Every service must extract this header from incoming requests and inject it into outgoing calls:

from opentelemetry import trace
from opentelemetry.propagate import extract, inject
import httpx
tracer = trace.get_tracer("order-service")
async def process_order(order_id: str, headers: dict):
# Extract trace context from incoming request
ctx = extract(headers)
with tracer.start_as_current_span("process_order", context=ctx) as span:
span.set_attribute("order.id", order_id)
# Call payment service — inject trace context
outgoing_headers = {}
inject(outgoing_headers)
async with httpx.AsyncClient() as client:
response = await client.post(
"http://payment-service/api/charge",
json={"order_id": order_id, "amount": 9999},
headers=outgoing_headers,
)
span.set_attribute("payment.status", response.status_code)
return response.json()

Before writing manual spans, enable auto-instrumentation. It captures HTTP clients, database queries, and framework handlers for free:

# At application startup
from opentelemetry.instrumentation.fastapi import FastAPIInstrumentor
from opentelemetry.instrumentation.httpx import HTTPXClientInstrumentor
from opentelemetry.instrumentation.asyncpg import AsyncPGInstrumentor
FastAPIInstrumentor.instrument_app(app)
HTTPXClientInstrumentor().instrument()
AsyncPGInstrumentor().instrument()

This alone gave us visibility into 80% of our service interactions with zero code changes.

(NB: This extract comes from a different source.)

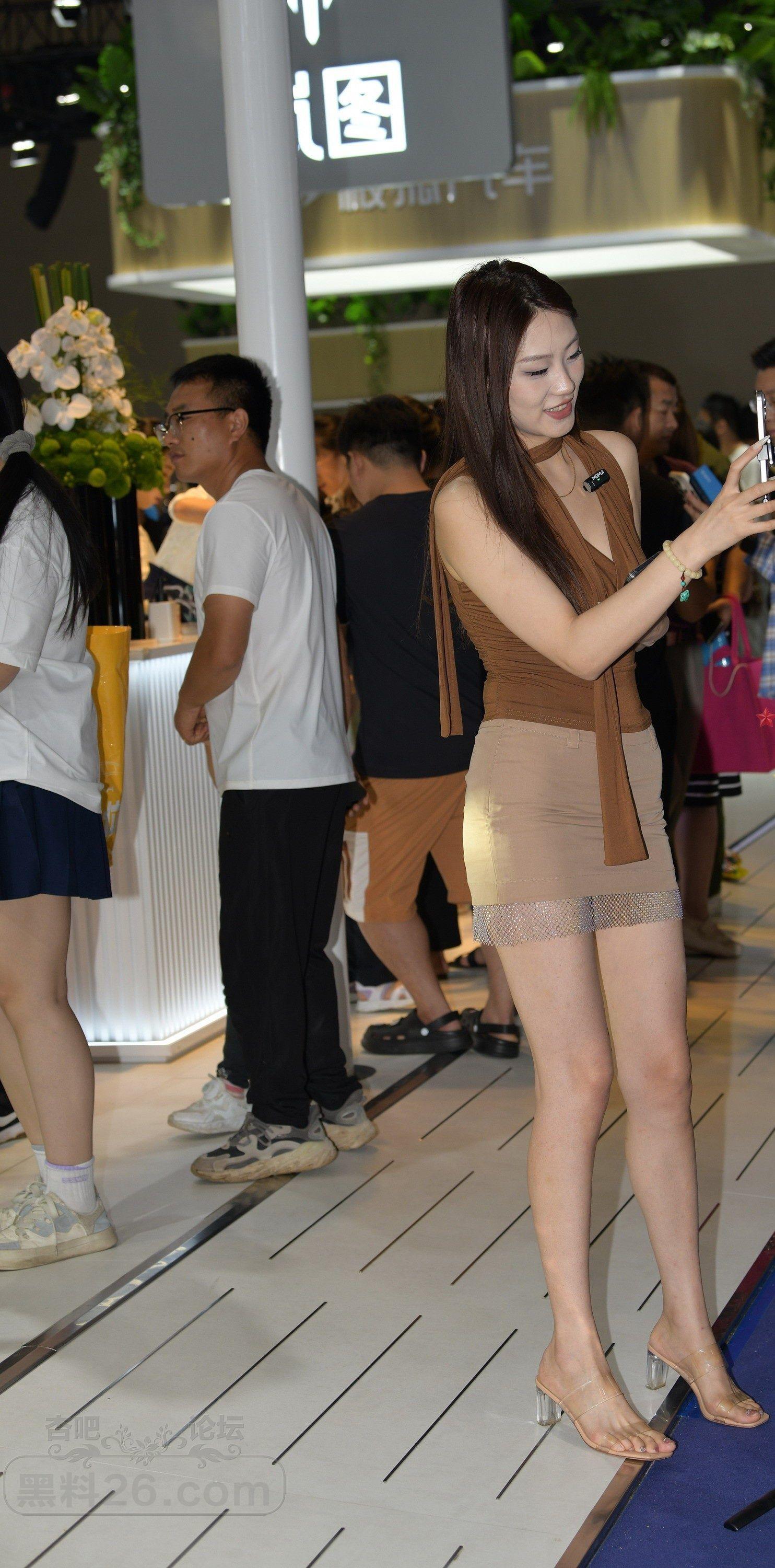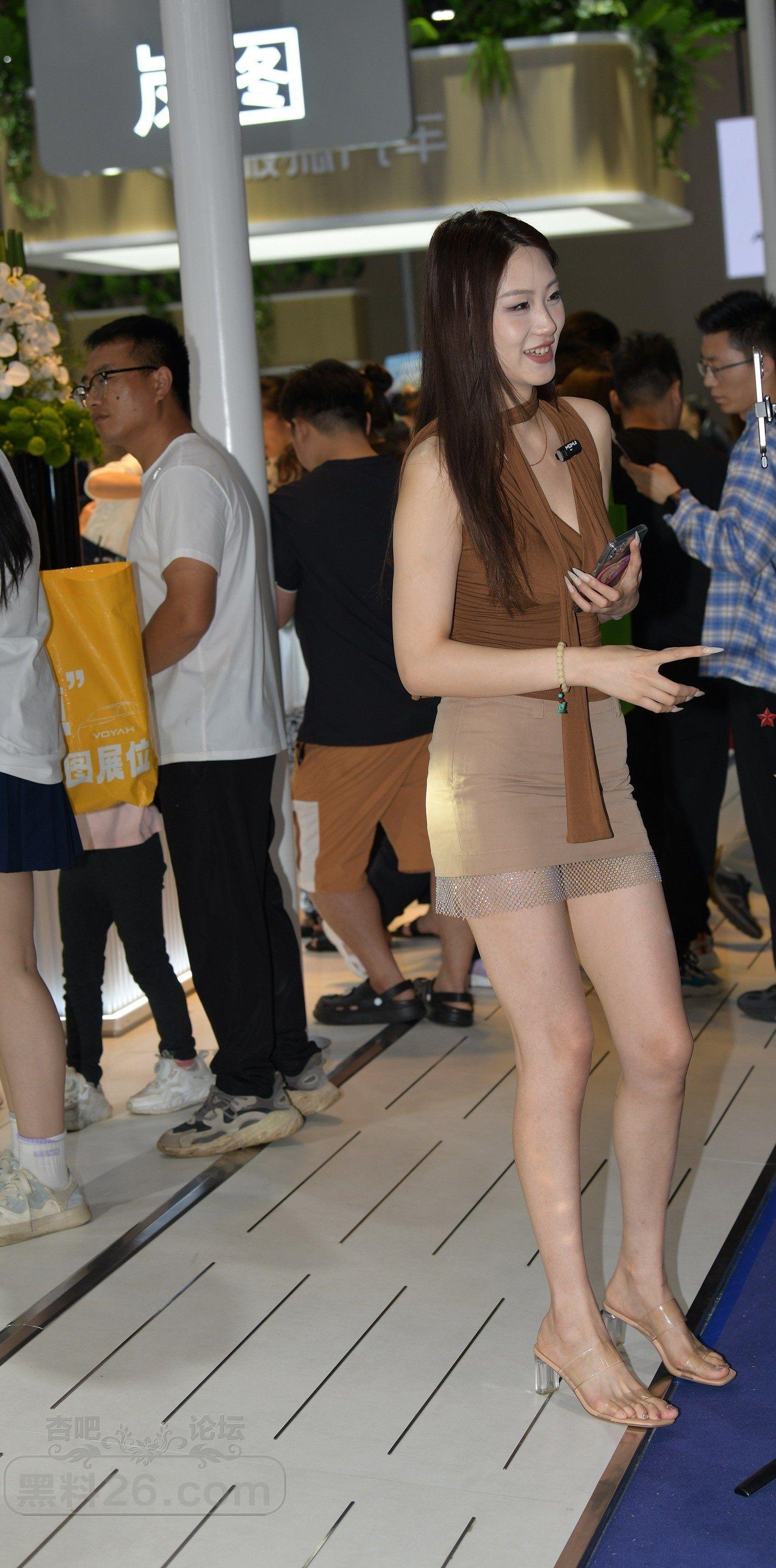 棕色背心浅色包臀裙美女车模现场直播售车【10P】

Sampling is critical — tracing every request at scale is prohibitively expensive. We use a tiered approach:

sampling:
default:
type: probabilistic
rate: 0.01 # 1% of all requests
errors:
type: always_on # 100% of failed requests
slow:
type: always_on # 100% of requests > 1s
high_value:
type: always_on # 100% of premium customer requests
from opentelemetry.sdk.trace.sampling import ParentBased, TraceIdRatioBased
# Default: 1% sampling
default_sampler = ParentBased(TraceIdRatioBased(0.01))
# Custom sampler: always sample errors and slow requests
class SmartSampler:
def should_sample(self, span_context, trace_id, name, attributes):
# Always sample if it's an error span
if attributes.get("error"):
return ALWAYS_ON
# Always sample if it's slow
if attributes.get("duration_ms", 0) > 1000:
return ALWAYS_ON
# Otherwise use probabilistic sampling
return default_sampler.should_sample(
span_context, trace_id, name, attributes
)

This gives us complete visibility into problems while keeping storage costs manageable.

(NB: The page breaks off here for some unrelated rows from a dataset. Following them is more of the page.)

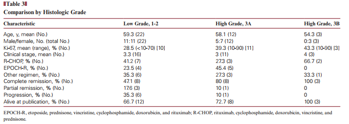 40例DHFL患者荟萃分析,平均年龄55岁(31~82岁),男:女=1:1.25,约60%患者为1-2级FL。1-2级患者获得部分缓解(PR)者(17.6%)和进展(PD)患者(35.5%)较多,3A-3B级获得完全缓解(CR)者(84.6%)更多,这可能与高级别FL患者接受更高强度的化疗有关。
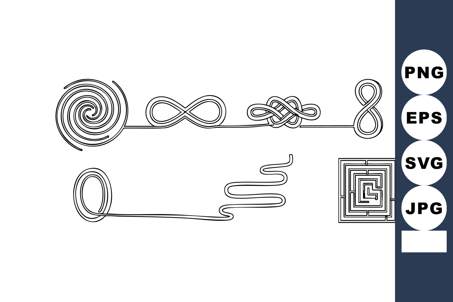 This vector file presents black and white abstract labyrinth and maze elements featuring spirals, knots, and infinity symbols in clean line art style, conveying complexity and creativity, minimalist mood.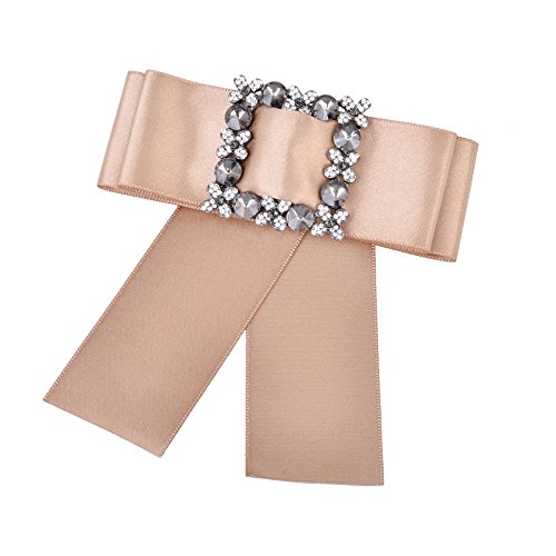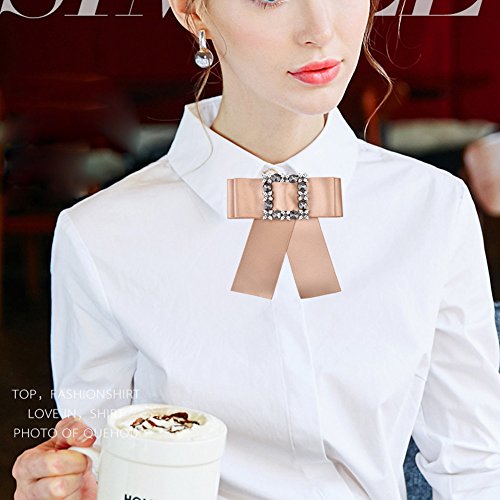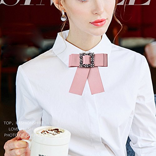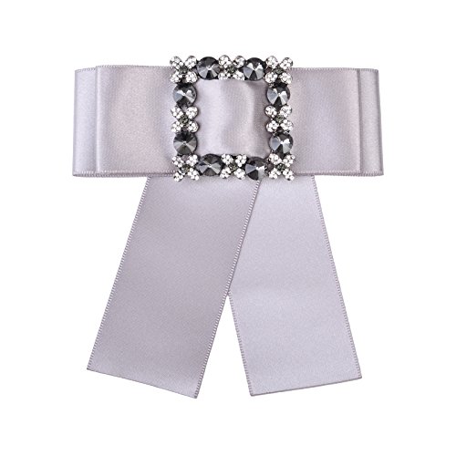 -. Title : OBONNIE Women's Crystal Black Satin Ribbon Bow Tie Brooch Pin Shirt Tie Jabot Collar Neck Tie Cravat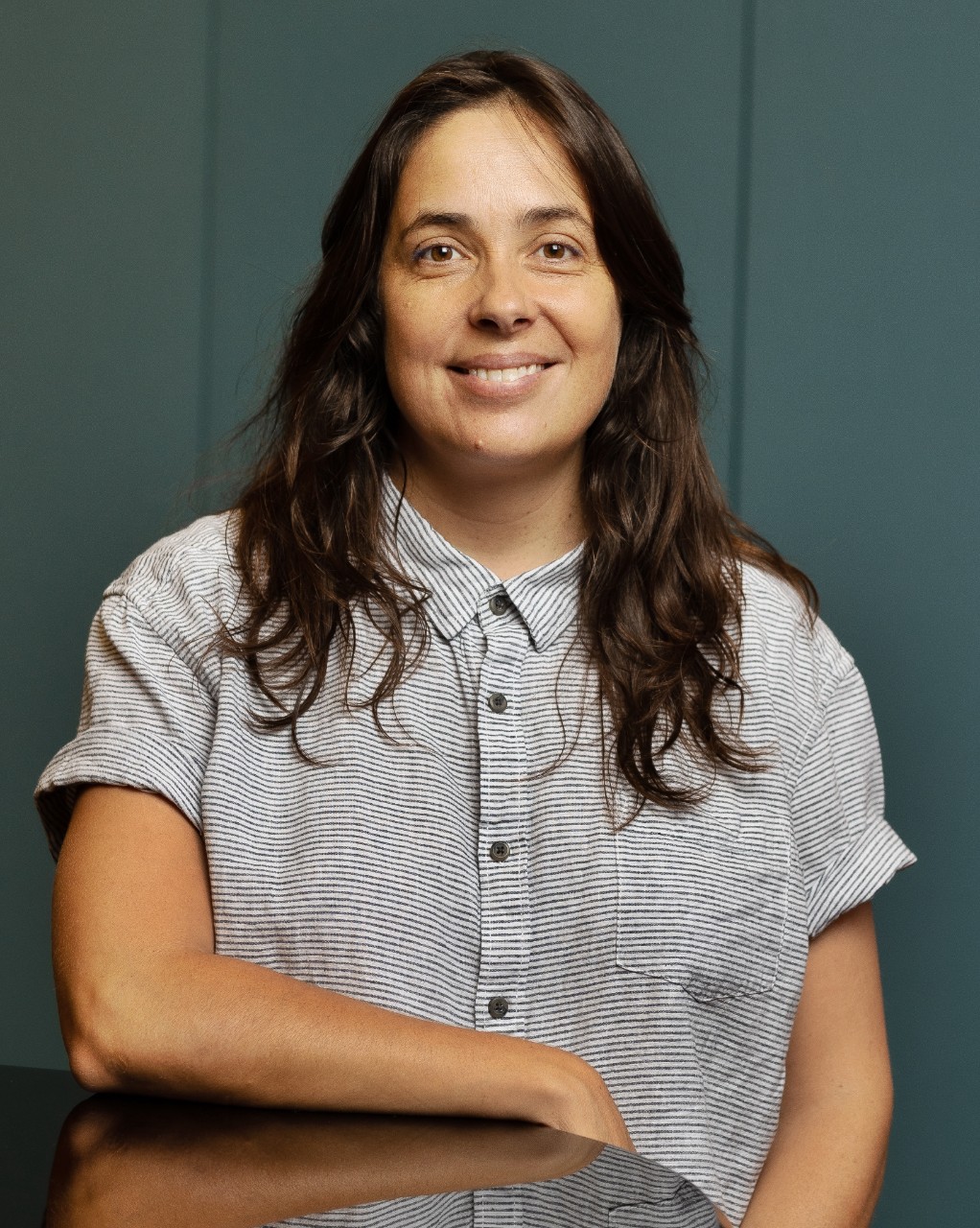 Professor Deborah Cheetham Fraillon looking at her bust.
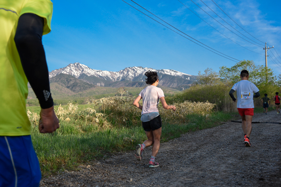 馬越峠を攻略することができればあなたも完走目前!フィニッシュゲートの下、完走メダルを持ってお待ちしております。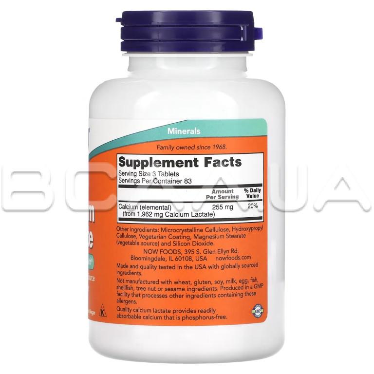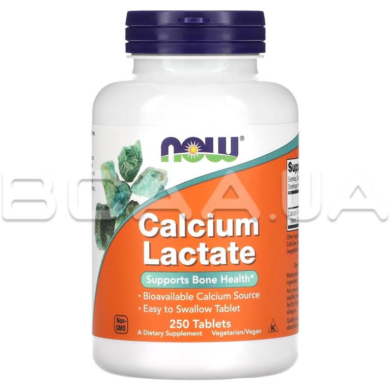 - Now Foods, Calcium Lactate — это стабильная и биодоступная форма кальция, не содержащего фосфора. Кальций — это минерал, который необходим для роста и поддержания здоровья костей и зубов. Кальций также имеет важное значение для многих функций организма, включая нормальное сокращение мышц, нервную проводимость и функцию сосудов.

Auto-instrumentation covers infrastructure, but you need manual spans for business logic:

async def reconcile_payments(order_id: str):
with tracer.start_as_current_span("reconcile_payments") as span:
span.set_attribute("order.id", order_id)
with tracer.start_as_current_span("fetch_gateway_records") as child:
records = await fetch_from_gateways(order_id)
child.set_attribute("records.count", len(records))
with tracer.start_as_current_span("compare_balances") as child:
mismatches = find_mismatches(records)
child.set_attribute("mismatches.count", len(mismatches))
if mismatches:
span.set_attribute("reconciliation.status", "failed")
span.add_event("reconciliation_failed", {
"mismatch_count": len(mismatches),
})
else:
span.set_attribute("reconciliation.status", "success")

Tracing across async boundaries requires explicit context propagation:

# Producer: inject trace context into message headers
def publish_event(event: dict):
headers = {}
inject(headers) # OTel propagation
event['headers'] = headers
kafka_producer.send('orders.events', value=event)
# Consumer: extract trace context and create span
@consumer('orders.events')
def handle_event(message):
ctx = extract(message.headers)
with tracer.start_as_current_span(
"handle_order_event",
context=ctx,
kind=trace.SpanKind.CONSUMER,
) as span:
span.set_attribute("event.type", message.value['event_type'])
process_event(message.value)

With traces in place, debugging becomes dramatically faster:

Trace: POST /api/orders (2.3s total)
├── api-gateway: handle_request (2.3s)
│ ├── auth: validate_token (12ms)
│ ├── rate-limiter: check (3ms)
│ └── order-service: create_order (2.2s)
│ ├── db: insert_order (45ms)
│ ├── payment-service: charge (1.8s) ← SLOW
│ │ ├── stripe: create_payment_intent (1.7s) ← ROOT CAUSE
│ │ └── db: record_payment (50ms)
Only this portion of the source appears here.